◆ What is expected
Only the lines from the one containing "파렛트위 제품의 상,하" through the last line below belong in your copy; transcribe them exactly and omit any pictures.

◆ Source material
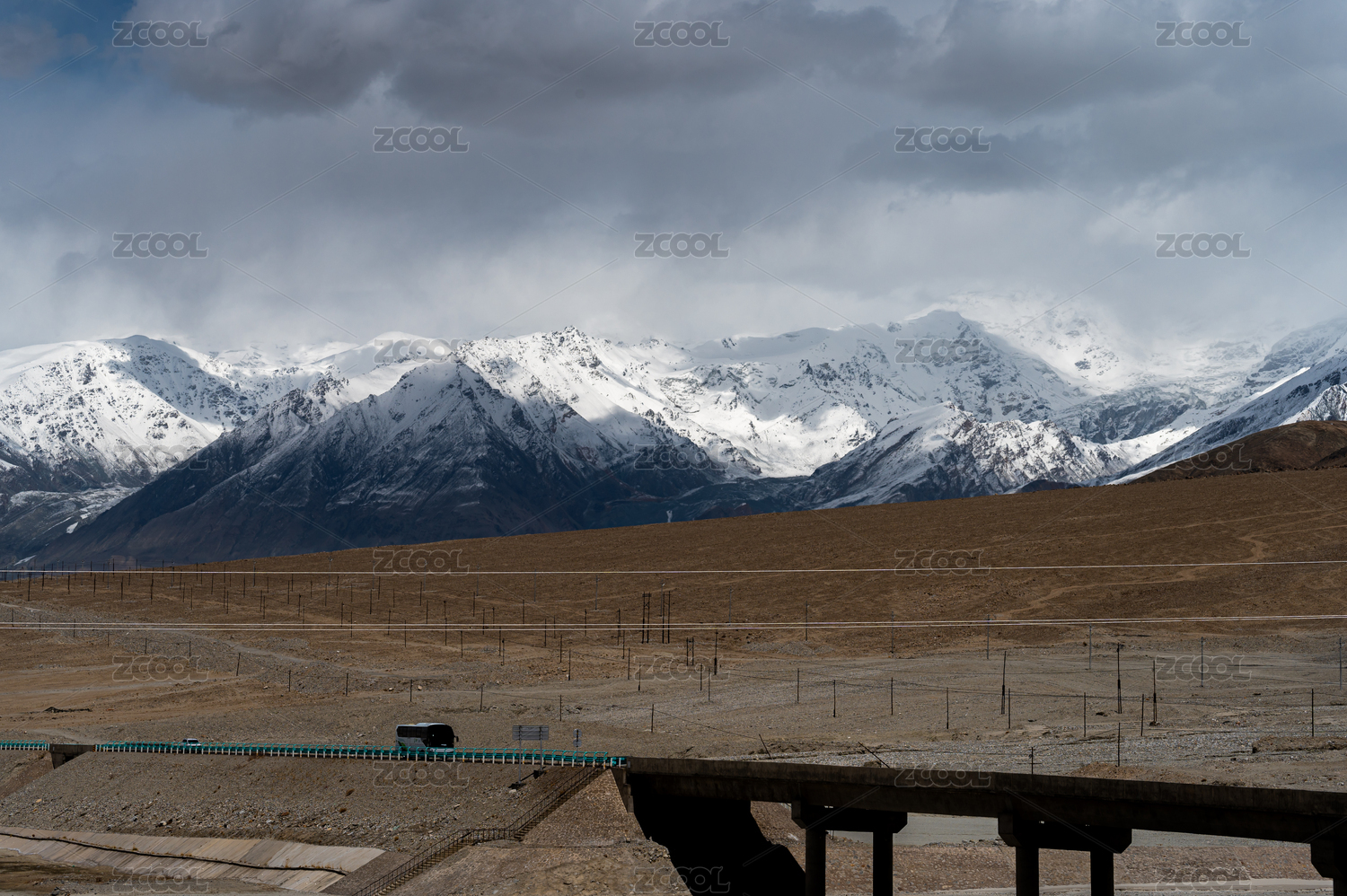 中國新藏線上喀喇昆侖山脈的雪山
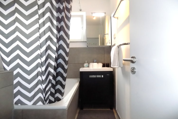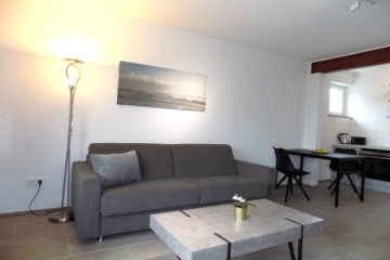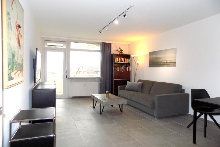 Die helle Wohnung hat ein gemütliches Wohnzimmer mit bequemem Sofa und extra Esstisch, separates Schlafzimmer mit luxuriösem großen Doppelbett mit Wendematratze für verschiedene Liegehärten und ein Badezimmer mit Wannenbad mit Duschabtrennung.
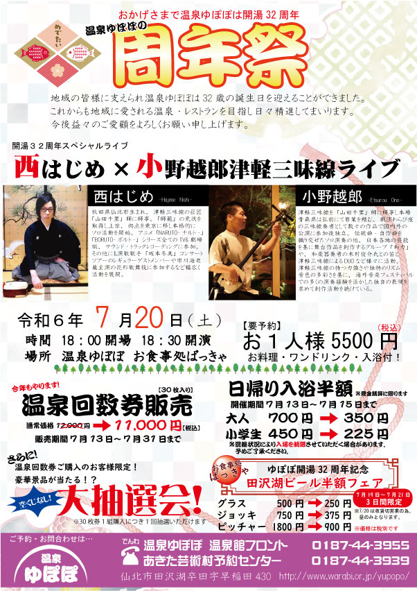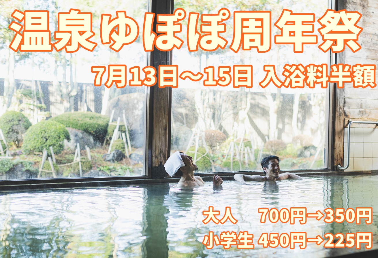 32周年のお祝い企画として日頃のご愛顧への感謝を込め、7月13日~15日まで日帰り入浴の料金を半額とさせて頂きます。
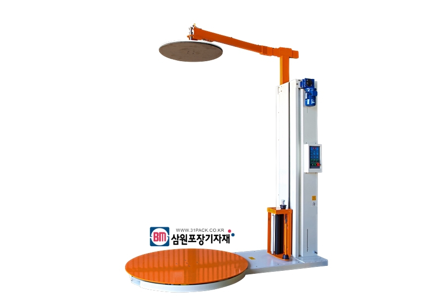 파렛트위 제품의 상,하 높이를 자동감지하여(센서장착) 원하는 횟수만큼 자동으로 랩핑해주는 파렛트랩핑기, 랩핑기는
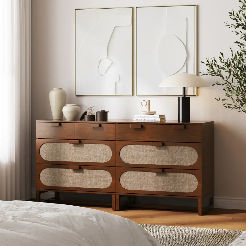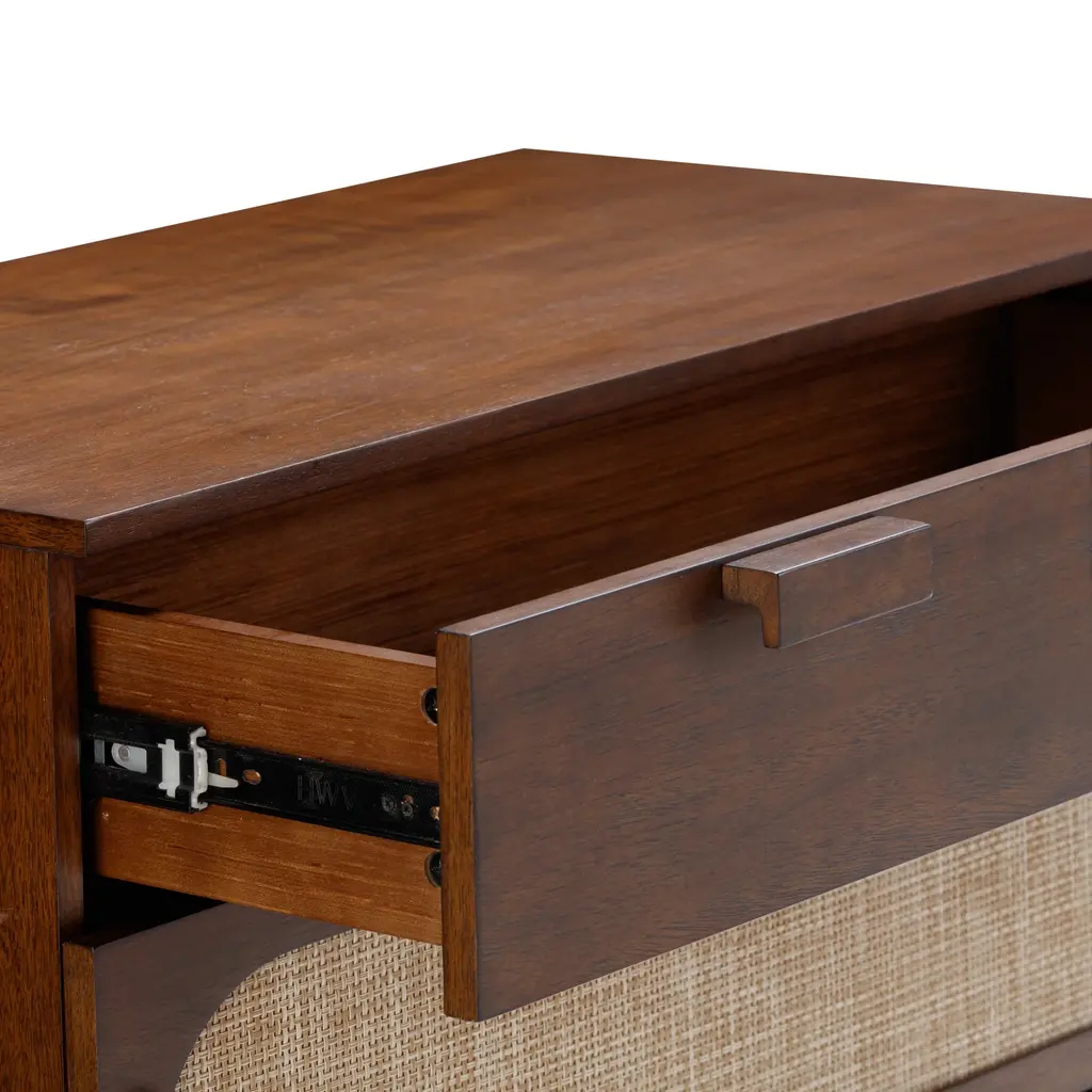 Mid-Century Rattan 3-Drawer Dressers Dark Acacia (Set Of 2)
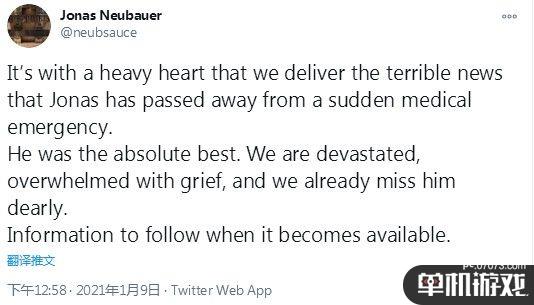 Jonas Neubauer的推特确认了本人已去世的消息。
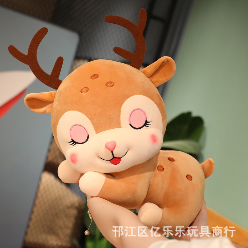 可爱梦幻小鹿公仔毛绒玩具卡通趴姿小鹿抱枕玩偶娃娃床上装饰靠枕
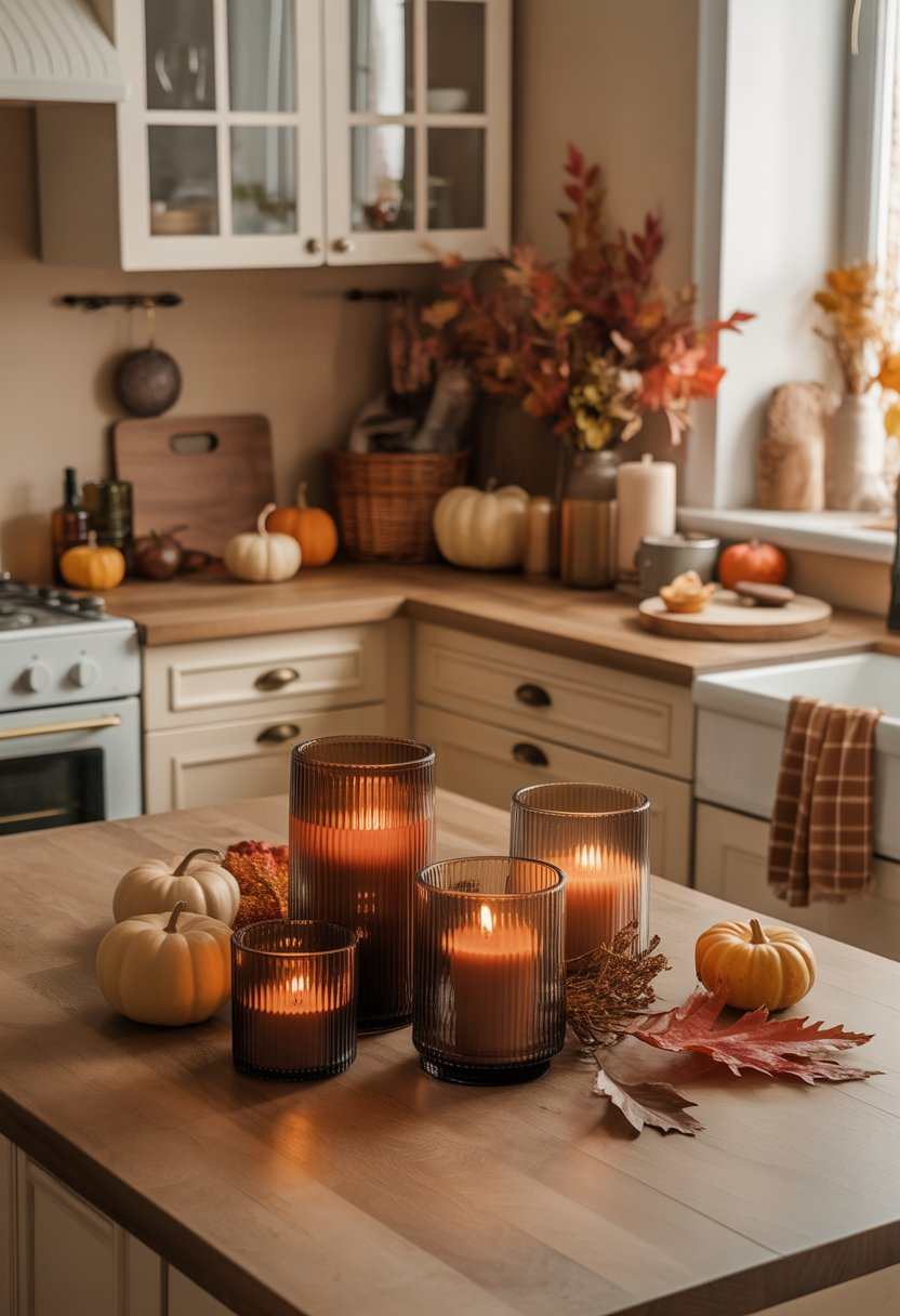 You can add warmth to your kitchen with fall-scented candles. Apple cinnamon is a popular choice that brings a cozy vibe.

◆ Completed task
 파렛트위 제품의 상,하 높이를 자동감지하여(센서장착) 원하는 횟수만큼 자동으로 랩핑해주는 파렛트랩핑기, 랩핑기는
 Mid-Century Rattan 3-Drawer Dressers Dark Acacia (Set Of 2)
 Jonas Neubauer的推特确认了本人已去世的消息。
 可爱梦幻小鹿公仔毛绒玩具卡通趴姿小鹿抱枕玩偶娃娃床上装饰靠枕
 You can add warmth to your kitchen with fall-scented candles. Apple cinnamon is a popular choice that brings a cozy vibe.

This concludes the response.